I support responsible open carry. I do not support open carry as a political statement, or a means to incite possible negative contact with law enforcement. I know, as you do, that our Constitutional Rights and our Second Amendment Rights specifically are very emotional subjects, as they should be. I consider the protection of all constitutional rights a responsibility of the people that they protect. When it comes to open carry, the obvious (and correct) explanation to those who do not agree with it is that it is their right by law to do so and in some states, the only manner a firearm can be carried in a lawful manner. I also agree with this. What I do not agree with is someone exercising a right but not being morally responsible in doing so. With the carry of a firearm comes the responsibility to know how to use it and the responsibility to keep it out of the hands, to the best of your ability, those who would use it to harm innocent people. With an openly carried firearm you are announcing to anyone who recognizes it for what it is, that there is a firearm present. I won’t go into the usual hyperbole some use about the subject but I will say this; everywhere you go, you are carrying with you the means to take a life and protect life and it should be accorded the appropriate respect. Without cherry picking specific situations I have encountered, I think each of us can remember a time when we observed someone carrying a firearm openly in an unsafe manner. Using a holster without retention or an obvious lack of situational awareness are but two ways that an OC can and does look like food to anyone with the inclination and the ability to take their weapon.

4.) Backlash. The Armed Novelist sent me a report about a new poll suggesting that Colorado governor John Hickenlooper may be in trouble come election time next year. A Quinnipiac poll out this week suggests that 49% of voters say the Governor does not deserve to be re-elected. Getting Hickenlooper out of office has been a prime objective for CO gun advocates since the recall elections that cost 2 anti-gun State lawmakers their seats.

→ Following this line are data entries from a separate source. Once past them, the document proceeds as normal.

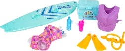 - 4 păpuși (mama, tata, fiica, bebeluș), placă de surf, vestă de salvare, labe de înot, mască/set de oxigen, costume de baie, ladă frigorifică, 2 sticluțe/pahare pentru băuturi, colac de înot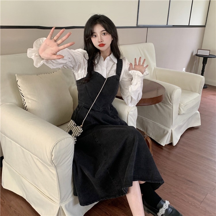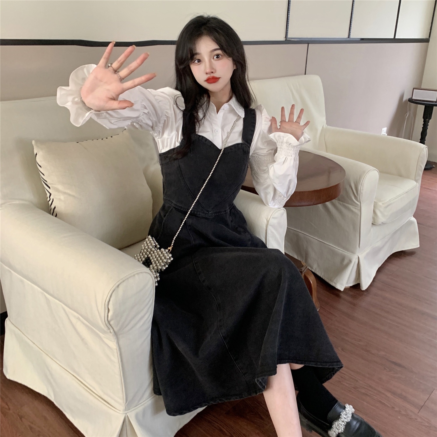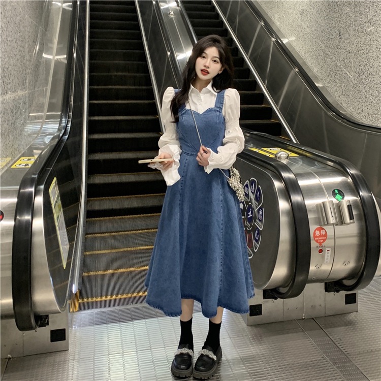 愛のデニムの背もたれのスカートの女性のフランスのデザイン感の小さい大衆の復古の優しい甘辛い港の味のchiのロングスカートのワンピース デニムスカート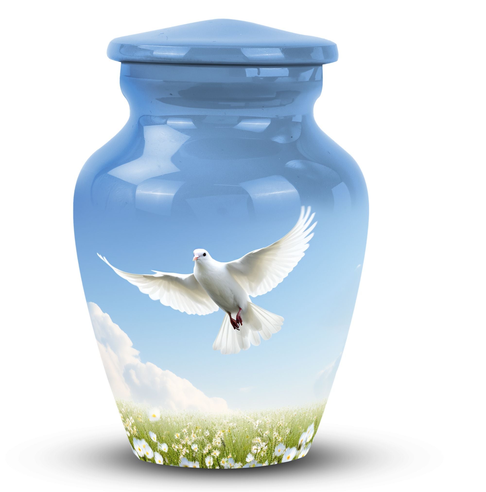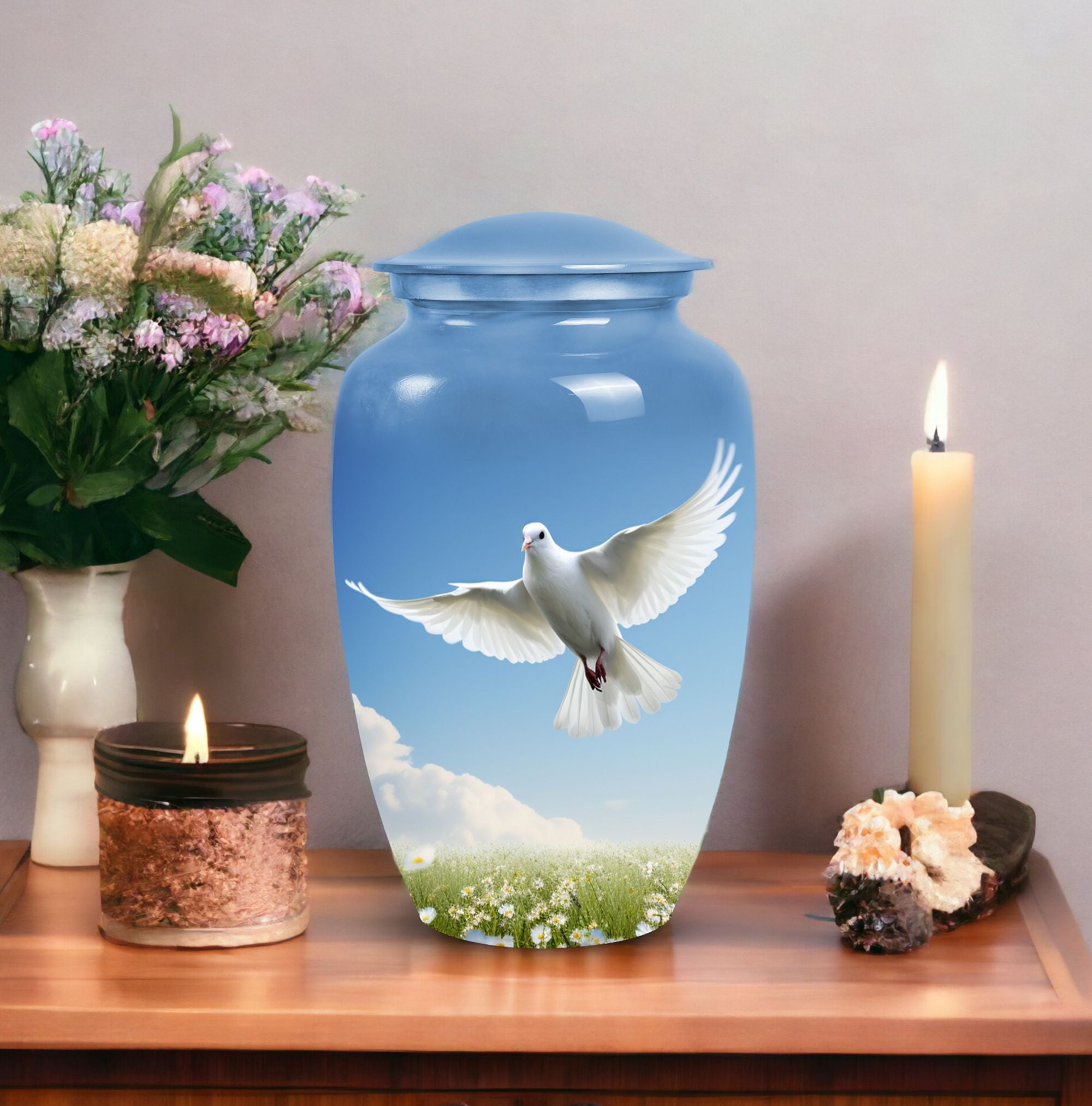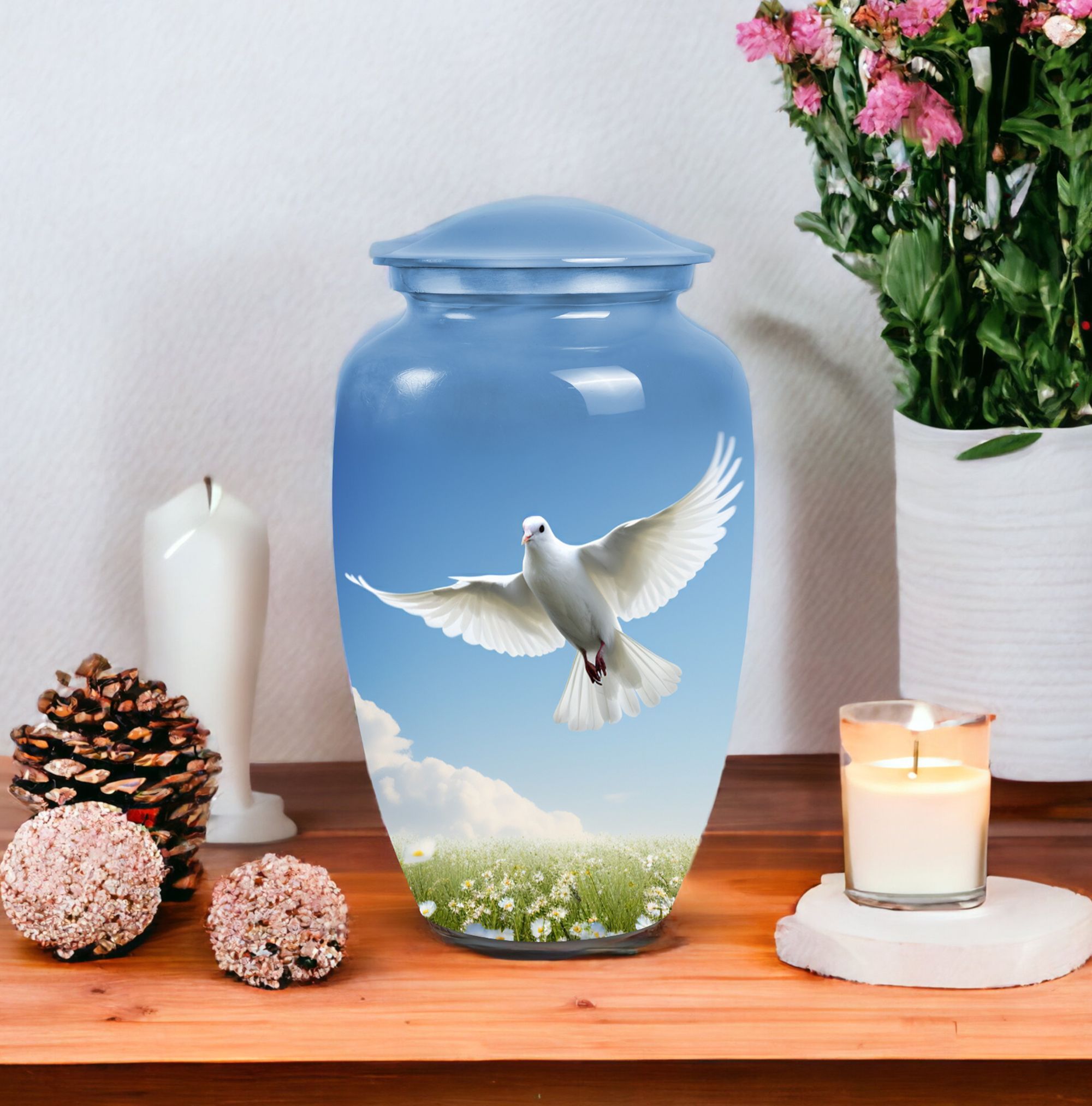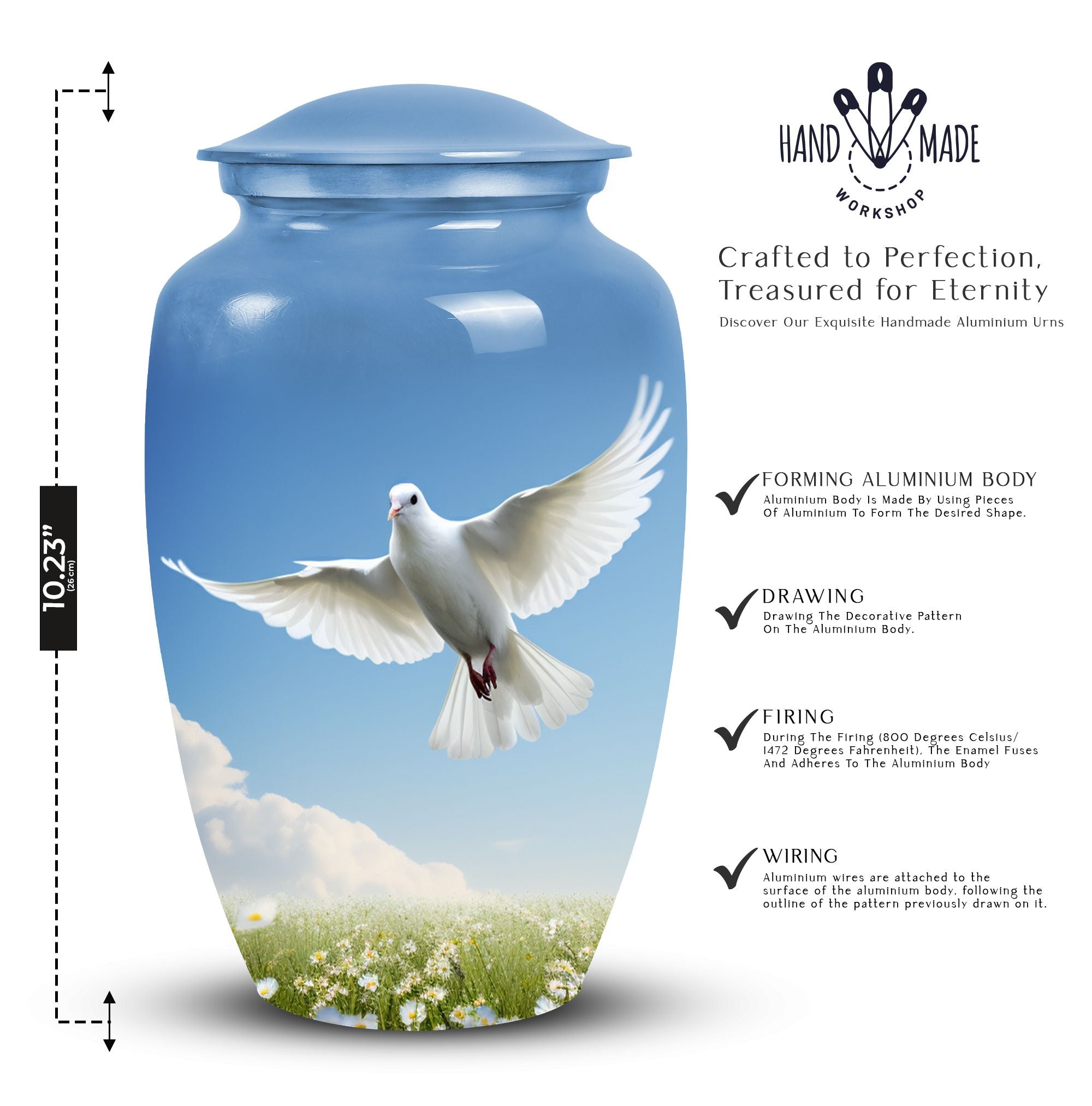 Find solace in the beauty and elegance of our large 'Dove Urns for Ashes'. Crafted with care and precision from high-quality aluminium, these urns for ashes for adults effortlessly blend the grace of traditional 'Classic Urn' design with the strength and durability of modern materials. Measuring a stately 10 inches in height with a capacity of 200 cubic inches, our cremation urn ensures a respectful and dignified home for your loved one's ashes. The urn is also lightweight, at just 3.3 pounds, and comes with a velvet pouch for secure containment of ashes. For a meaningful touch, these urns allow for customization, providing an opportunity to personalize your urn with engraved names. Whether you're looking for burial urns for adults, an urn container or custom cremation urns, these 'Dove Urns for Ashes' offer a memorable nod to your loved one. They also make thoughtful, compassionate gifts, perfect for remembrance and reflection.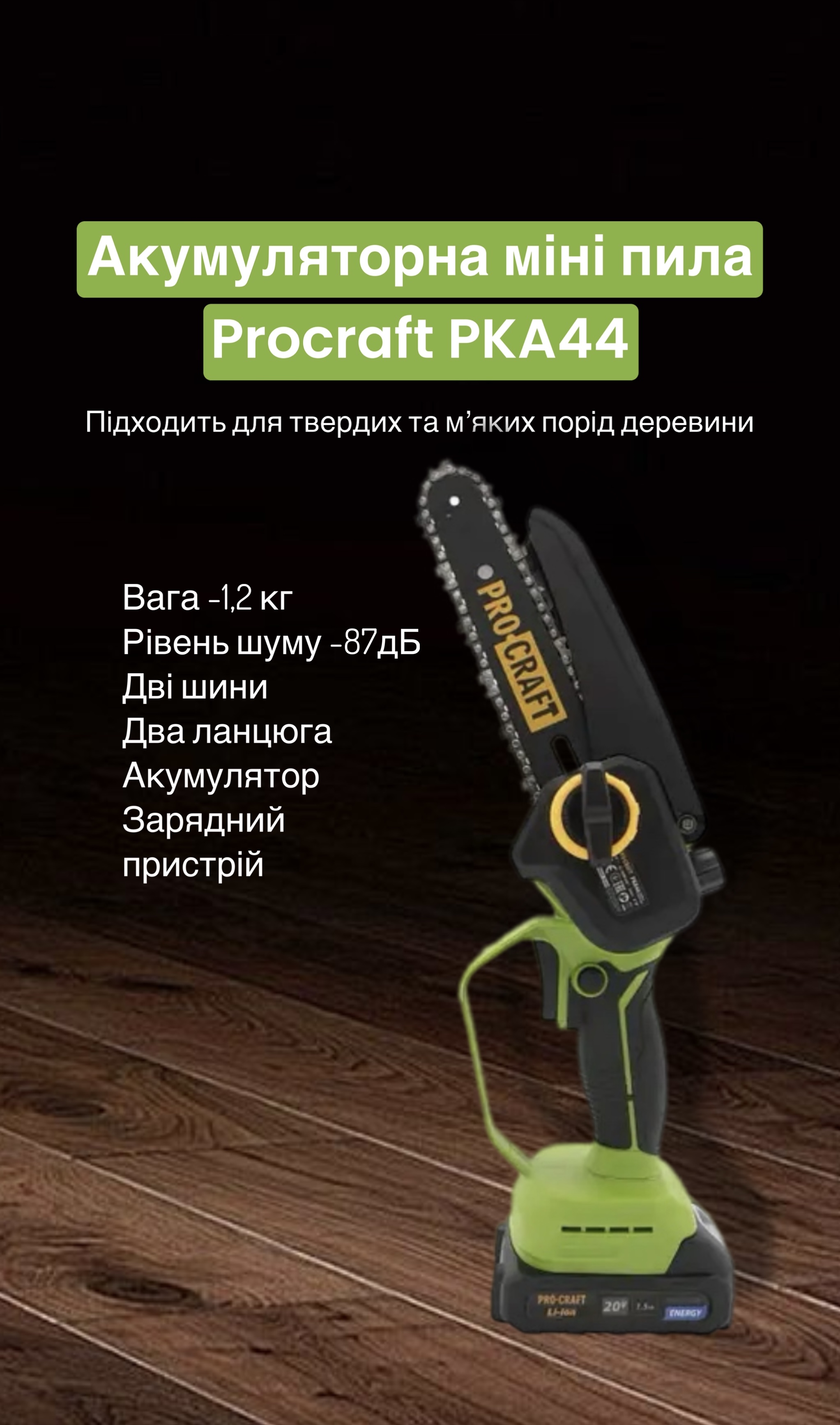 Акумуляторна міні пила Procraft PKA44- це зручний помічник на дачі чі в саді , дві зручні шини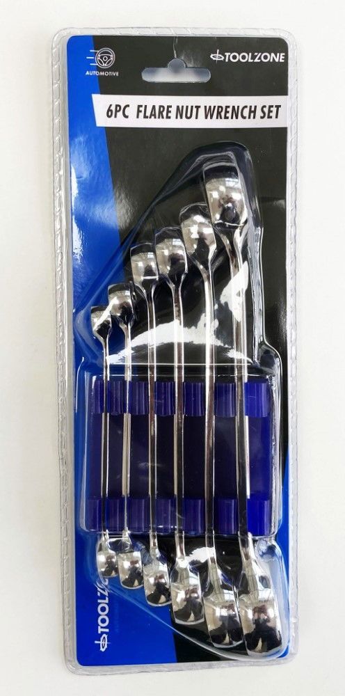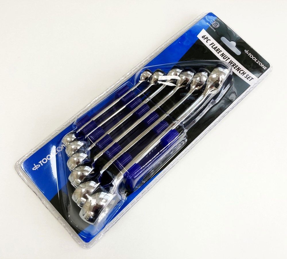 FLARE NUT WRENCH SPANNER SET 6PC 6x8mm TO 22x24mm CHROME VANADIUM POLISHED – TOOLZONE KDPSP034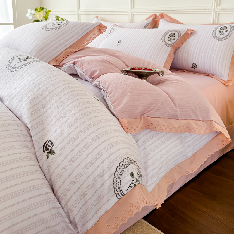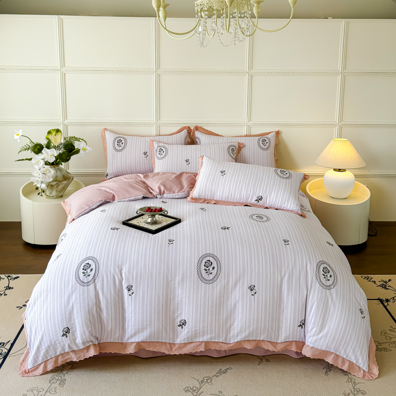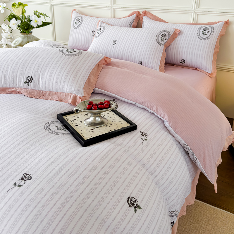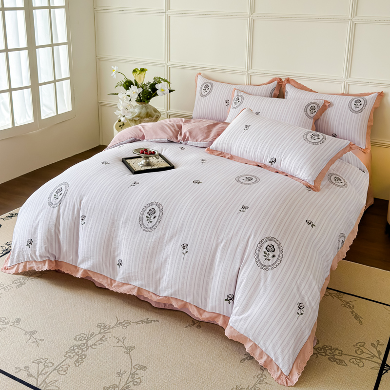 可思家纺 2024新款韩版花边木棉皱皱纱四件套系列 木棉-赫本花园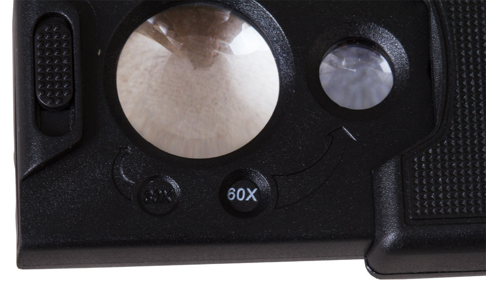 A nagyító két beépített világítással van ellátva. A LED-ek lehetővé teszik a nagyító gyenge fényviszonyok közötti használatát, az ultraibolya fénnyel pedig tökéletesen ellenőrizhető a papírpénz eredetisége. A világítás a házon található kapcsolóval kapcsolható fel.

5.) Looking ahead. Finally tonight, news from The Hill about the Obama administration looking for new gun regulations. Obama admin officials are reportedly targeting stolen and missing weapons. Gun control proponents say that lost or stolen guns, especially ones that disappear from gun stores, “feeds the sort of already large and existing secondary market on guns.”

What those regulations are exactly, has not been released to the public, but it is something to keep an eye on. There doesn’t seem to be much of a chance of Congressional movement on guns for the rest of this year.